SPOON is a 501c3. Roughly 30 percent of SPOON’s budget is earned income and the rest comes from corporations such as Nestle, Pfizer, General Mills, and foundations such as Margaret A. Cargill Philanthropies. Cindy currently employs six part-time staff and roughly ten contractors.
Growing up with a brother impacted by significant emotional and learning challenges, Cindy quickly learned what it was to be an underdog. She spent recess protecting him from bullies and went on to spend her childhood and adolescence watching out for those less fortunate, babysitting for kids with disabilities, and working in shelters for runaway and throwaway youth.

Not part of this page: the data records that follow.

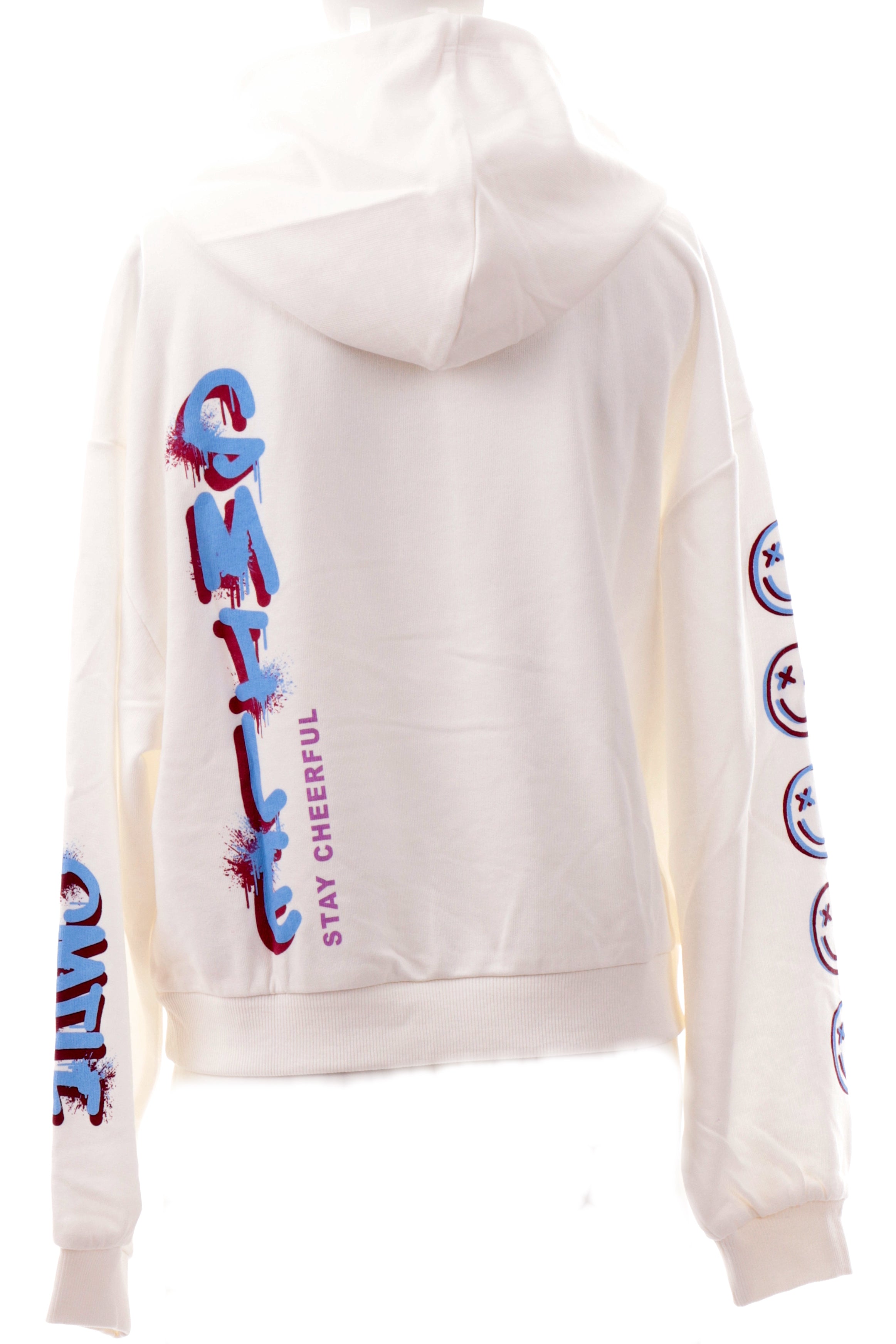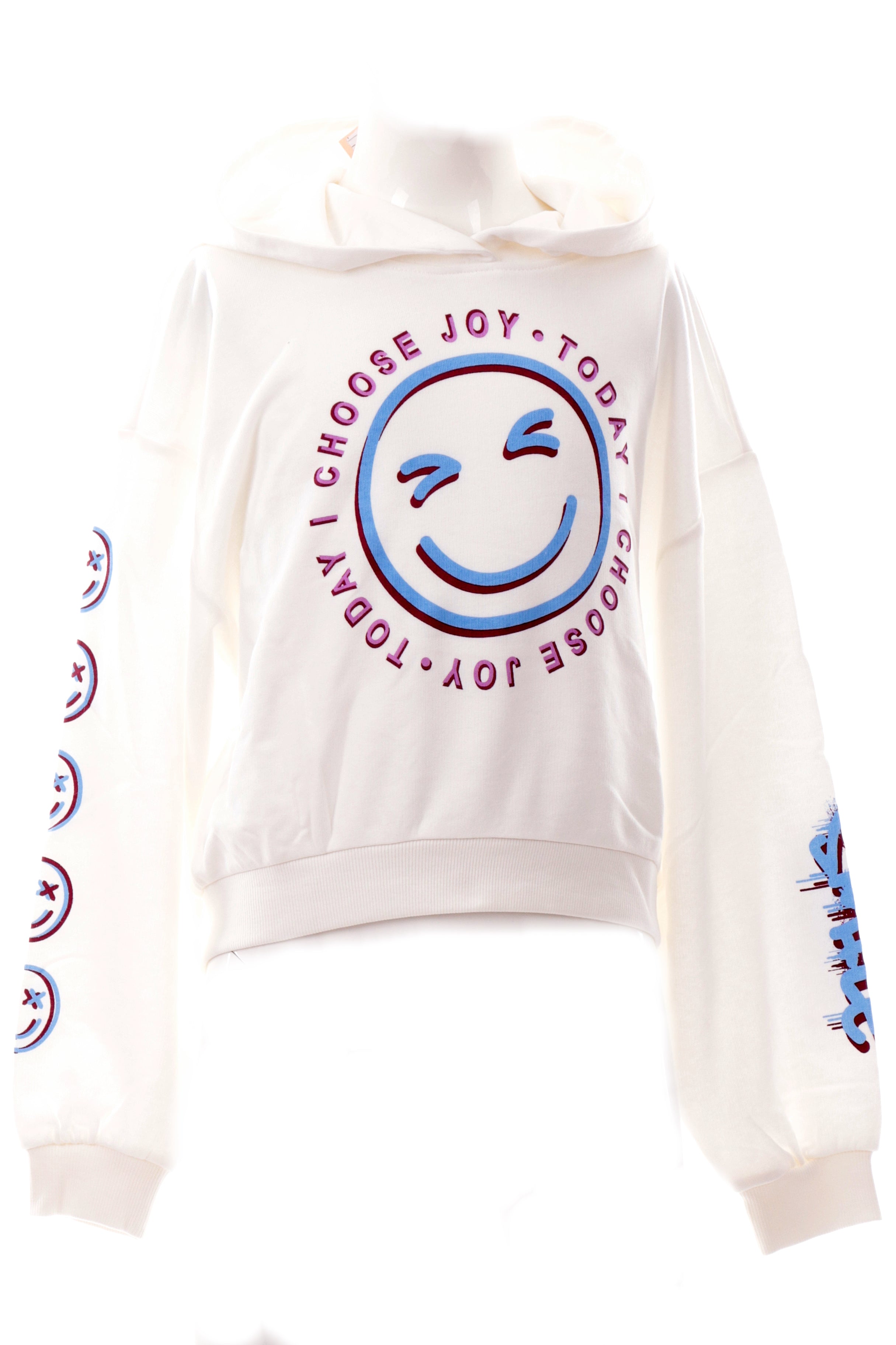 Felpa Only bianca da bambina con cappuccio 15340148, realizzata in cotone. Questa felpa bambina bianca ha il cappuccio fisso, la maxi stampa sul davanti, polsini e fondo elasticizzati.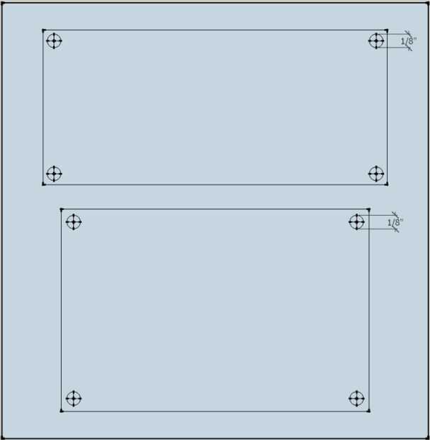 Una de las claves aquí es cuando usted pone hacia fuera donde están los agujeros, hacer líneas de "Cruz" a través de los centros. Ver la imagen adjunta para ver un ejemplo. Esto hará que la alineación de la broca mucho más fácil. También es una buena idea poner marcadores de dimensión en el dibujo para los tamaños del agujero, sobre todo si tienes agujeros de tamaños diferentes. No cuesta nada hacerlo, y será un buen recordatorio cuando se taladre.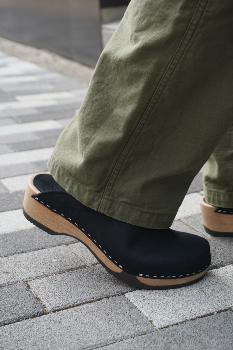 サボは一足の作成に1週間かかり、デンマークでハンドメイドされています。靴底は天然素材で通気性があり、地面を裸足で歩く感覚に近づける様に設計されています。また背筋を伸ばした姿勢になるため、背骨の負担を軽減し、腰痛にも効果的です。デンマークの医師、看護師、サービス業従事者の方々は、何時間でも立ったままでも負荷が少ないようにサボを愛用しています。しっかりとした木製の靴底は、足を圧迫することなく体のラインを整えてくれます。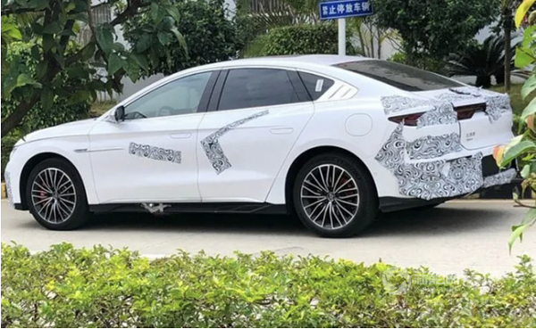 车尾部分 ,尾灯的部分没有特别大的改变,贯穿式尾灯设计中加入“龙爪”似的的灯头排列组合,此次还加上了一根镀铬装饰条来进一步提升其视觉效果,非常有辨识度。后包围区域则与比亚迪DM的设计大同小异,同样采用了贯穿式镀铬条,左右两侧也加上了红色反光条,底部则是用黑色防护板进行了包裹,搭配上隐藏式排气设计,营造出不错的运动气息;不同的是,新车尾部带有“DM-i”的标识,进一步突出其特殊身份。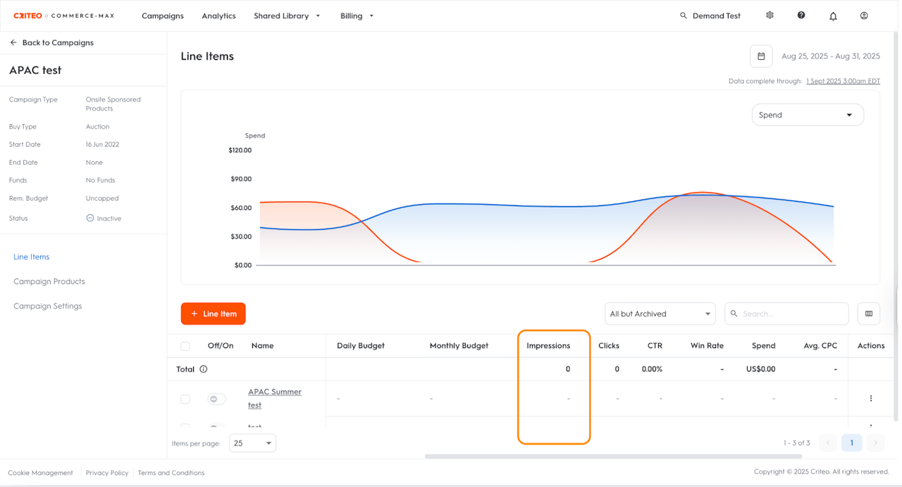On the line item dashboard, find the metric Impressions against your desired line item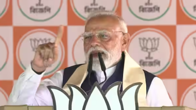 Bengal: Prime Minister Narendra Modi on Sunday launched a scathing attack on the Trinamool Congress (TMC), saying the party no longer utters “Maa, Maati, Maanus” (mother, motherland and people), as doing so would expose its “sins.” He alleged that the TMC’s “cruelty” made “Maa” (mother) cry, handed over “Maati” (motherland) to syndicates and infiltrators, and forced the “Maanus” (people) of Bengal to flee.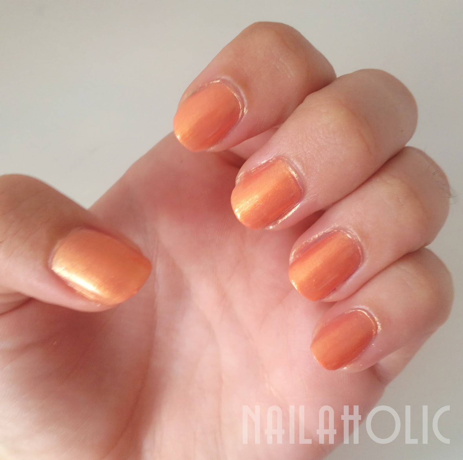 Este en concreto es el tono NP090 Golden Peach de la línea normal de Models Own. El tono es, como su propio nombre indica, un naranja melocotón con muchísimos reflejos dorados(tantos que según la luz que le dé hay veces que no se aprecia el naranja). Las fotos que veis llevan dos capas generosasde producto, y aún así si os fijáis bien se ven huecos no del todo cubiertos.Creo que se aprecian bastante bien los reflejos dorados, ¿no? x)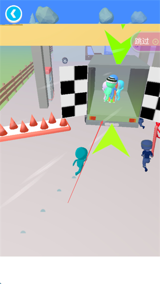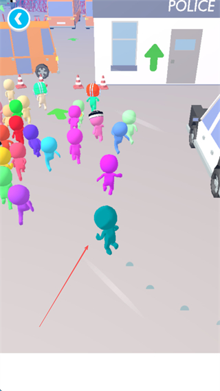 1、操控角色在人群中奔跑,避開障礙物,朝著帶有綠色箭頭的目標(biāo)方向前進(jìn)。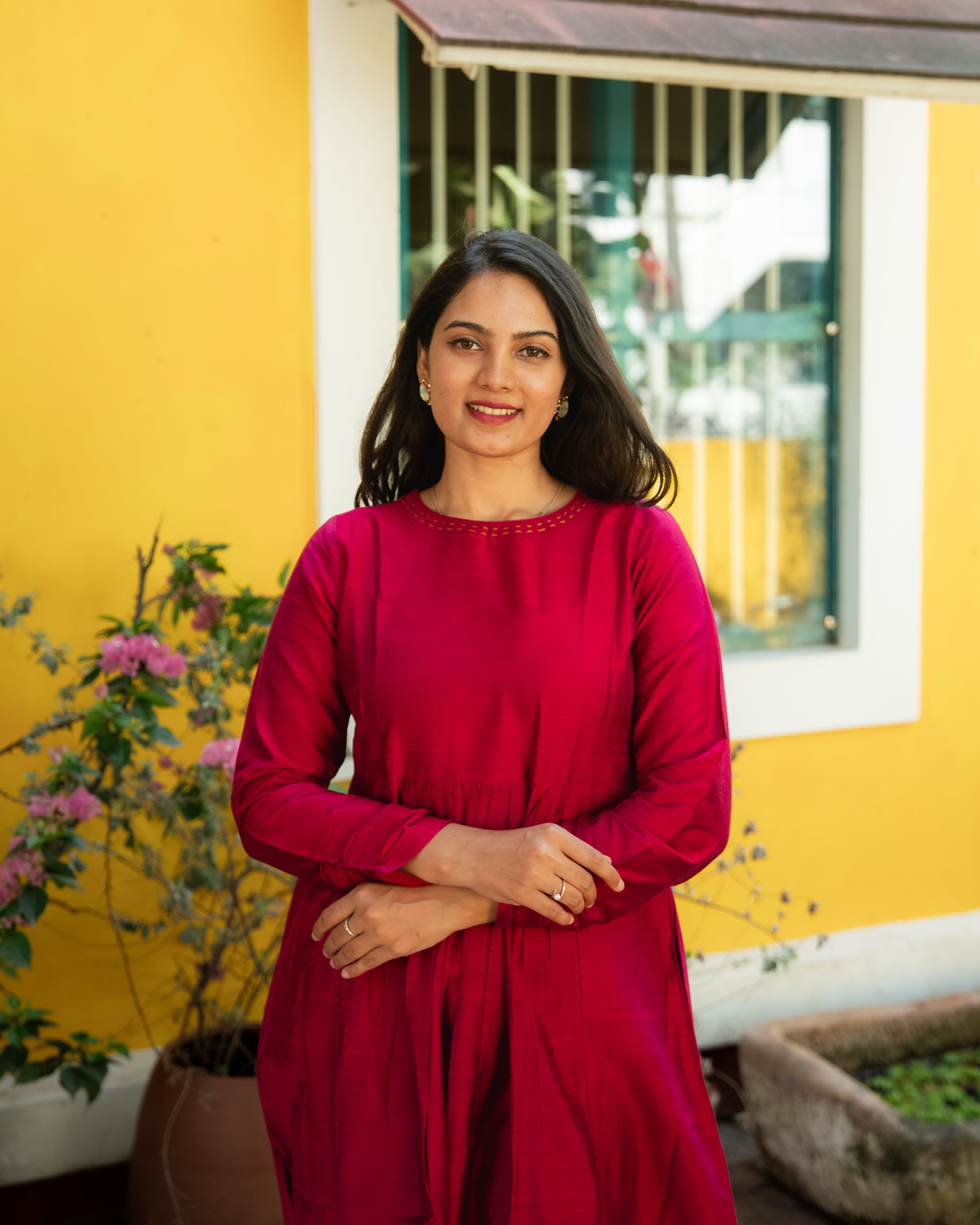 - A-line kurta paired with parallel pants

Then, as a young woman, Cindy became the vulnerable one, barely able to eat anything without feeling ill. It took her ten years to be properly diagnosed with Celiac disease, but in the interim, she knew enough to connect how she felt to what she ate. Cindy quickly became a self-taught expert in all things wellness and nutrition, and true to her “helper” nature, felt compelled to spread her knowledge. Cindy left her job in a fast-paced advertising agency to start a corporate wellness consulting firm, helping companies to identify and meet the health needs of their employees. Cindy loved the challenge of building something from scratch and getting others to see the value and share the vision. After building a successful organization, she eventually sold it and went on to join a startup company making allergen-free foods as their first hire. After three years, their brand became a national success, and she experienced once again the thrill of building an entrepreneurial vision. Cindy was hooked. Yet, in the big picture of her life, she felt something was missing.
When Cindy and her husband set out to adopt a baby, they learned about an adoption program in Kazakhstan. During the process of adoption, Cindy met Mishelle, a neighbor who was also in the process of adopting from Kazakhstan. Her child-to-be was a five-year-old girl diagnosed with Cerebral Palsy, so severely disabled that she could barely walk. Nine months later, Cindy received a referral for a “healthy baby boy.” Within minutes of meeting Jadyn, they knew he was not healthy. At six months, he weighed ten pounds and did not have the strength to lift his own head. He was being fed too rapidly to keep up and could not digest the inadequate amounts of formula he was being given. He was diagnosed with failure to thrive and Cindy’s whole life became immediately dedicated to saving his. Meanwhile, Mishelle’s little girl, Bakha, did not have Cerebral Palsy, but vitamin D deficiency-related disabilities, which were easily resolved. Cindy and Mishelle could not help but wonder “what if” for their kids. Cindy started looking for volunteer opportunities but could not find any organizations working to address the critical problem of malnutrition for orphaned children. She co-founded SPOON at that moment, and has directed the organization since.